The announcement of the CIA funding of de-extinction projects at Colossal Biosciences comes from In-Q-Tel, a nonprofit venture capital firm funded by the CIA which has recently begun investing in biotechnology and particularly DNA sequencing. As the above quote from the In-Q-Tel website indicates, it sees these investments as a part of national security to address global conflicts caused by biological issues and to protect the “American Bioeconomy” which is in competition with the bioeconomies of other nations. What do woolly mammoths have to do with the bioeconomy? Is a real Jurassic Park forecast to be a big boost to the national economy?
“Strategically, it’s less about the mammoths and more about the capability. The next wave of progress in synbio will lead to advances in our ability to shape both form and function in organisms at the macroscopic level.”

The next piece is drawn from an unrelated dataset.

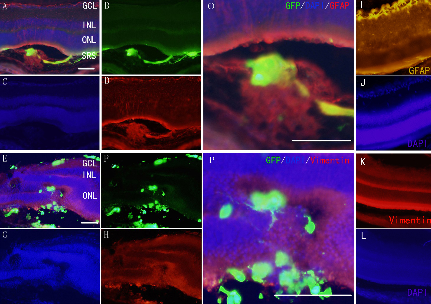 vimentin expressions were seen around the donor cells and the outer nuclear layer. A: Overlay, B: GFP, C: 4,6-diamino-2-phenyl indole (DAPI), D: GFAP, O: high magnification of A. E: Overlay, F: GFP, G: DAPI, H: vimentin, P: high magnification of E. Control image: I: GFAP, J: DAPI, K: vimentin, L: DAPI. Scale bar: 50 um (D, H). Abbreviations: GCL, ganglion cell layer; INL, inner nuclear layer; ONL, outer nuclear layer;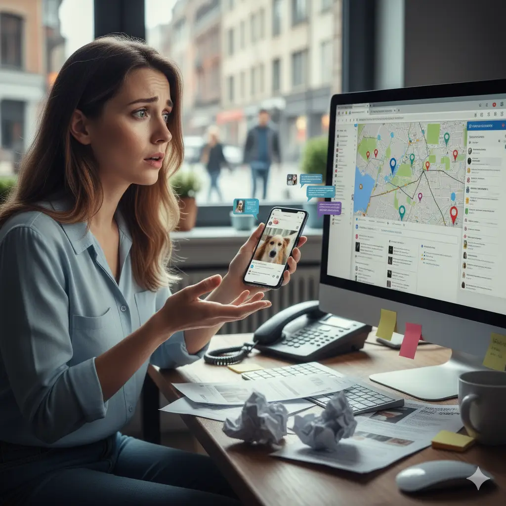 Insight: Current search efforts are fragmented and inefficient, relying on disorganized social media posts, scattered paper flyers, and chaotic group chats. The user struggles to manage multiple communication channels while simultaneously trying to search.

According to In-Q-Tel, it is not about the animals – it is about the science needed to bring them back. It and the CIA see the ability to make highly accurate genome edits, editing stem cells to eventually grow into healthy embryos, and eventually artificially birthing healthy large baby animals that will grow into healthy large creatures as critical steps in jump-starting other projects such as programming tress to grow more durable and versatile building materials, removing carbon from the atmosphere, bioengineering food crops to solve hunger problems, preventing the extinction currently endangered species, and potentially curing human diseases like cancer. Those are indeed noble causes … and not the kinds of goals normally associated with the U.S. Central Intelligence Agency. Why is the spy organization really interested on a company that is clearly focused on bringing back dead species?

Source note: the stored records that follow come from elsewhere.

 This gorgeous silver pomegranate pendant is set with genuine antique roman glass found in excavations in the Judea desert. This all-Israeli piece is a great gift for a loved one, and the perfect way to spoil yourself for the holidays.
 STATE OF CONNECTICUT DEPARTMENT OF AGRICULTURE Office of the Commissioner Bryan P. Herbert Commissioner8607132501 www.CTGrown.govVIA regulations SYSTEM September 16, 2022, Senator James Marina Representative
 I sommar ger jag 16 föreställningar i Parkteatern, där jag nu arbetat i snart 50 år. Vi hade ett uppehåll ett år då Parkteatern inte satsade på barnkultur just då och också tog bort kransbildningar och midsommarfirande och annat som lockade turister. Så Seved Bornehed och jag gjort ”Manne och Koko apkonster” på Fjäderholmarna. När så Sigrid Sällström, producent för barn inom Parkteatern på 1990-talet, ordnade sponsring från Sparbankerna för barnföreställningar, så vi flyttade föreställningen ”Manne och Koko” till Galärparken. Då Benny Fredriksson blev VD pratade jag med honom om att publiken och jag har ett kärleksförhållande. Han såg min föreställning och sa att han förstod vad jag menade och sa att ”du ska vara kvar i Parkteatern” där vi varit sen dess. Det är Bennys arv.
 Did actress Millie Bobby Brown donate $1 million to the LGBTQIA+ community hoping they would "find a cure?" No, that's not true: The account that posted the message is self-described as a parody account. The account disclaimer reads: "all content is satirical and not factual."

“Over the past several years, the United States has embarked on a program of secret research on biological weapons that, some officials say, tests the limits of the global treaty banning such weapons. The 1972 treaty forbids nations from developing or acquiring weapons that spread disease, but it allows work on vaccines and other protective measures. Government officials said the secret research, which mimicked the major steps a state or terrorist would take to create a biological arsenal, was aimed at better understanding the threat.”
Could the de-extinction of the woolly mammoth be the perfect cover for more nefarious purposes? The Intercept dug out a 2001 New York Times investigation which uncovered evidence that U.S. defense agencies under Presidents George W. Bush and Bill Clinton experimented with biological weapons in defiance of the 1972 international treaty prohibiting them. According to The Guardian, nine years later, the CIA did it again.
“The CIA organised a fake vaccination programme in the town where it believed Osama bin Laden was hiding in an elaborate attempt to obtain DNA from the fugitive al-Qaida leader's family, a Guardian investigation has found.”
That’s right – the CIA set up a fake Hepatitis B vaccine drive in Pakistan to collect DNA and locate family members of Osama bin Laden who would lead them to bin Laden himself. After this was exposed, the CIA promised to stop setting up these fake immunization clinics. Of course, it is no stretch of the imagination to assume other secret programs continued … as long as no one exposed them. The Intercept points out that In-Q-Tel co-founder George Church, a Harvard geneticist, may have accidentally revealed his own reason for linking the CIA to de-extincting woolly mammoths … and his opinion on regulations and bans.
“We can clone all kinds of mammals, so it’s very likely that we could clone a human. Why shouldn’t we be able to do so? And laws can change, by the way.”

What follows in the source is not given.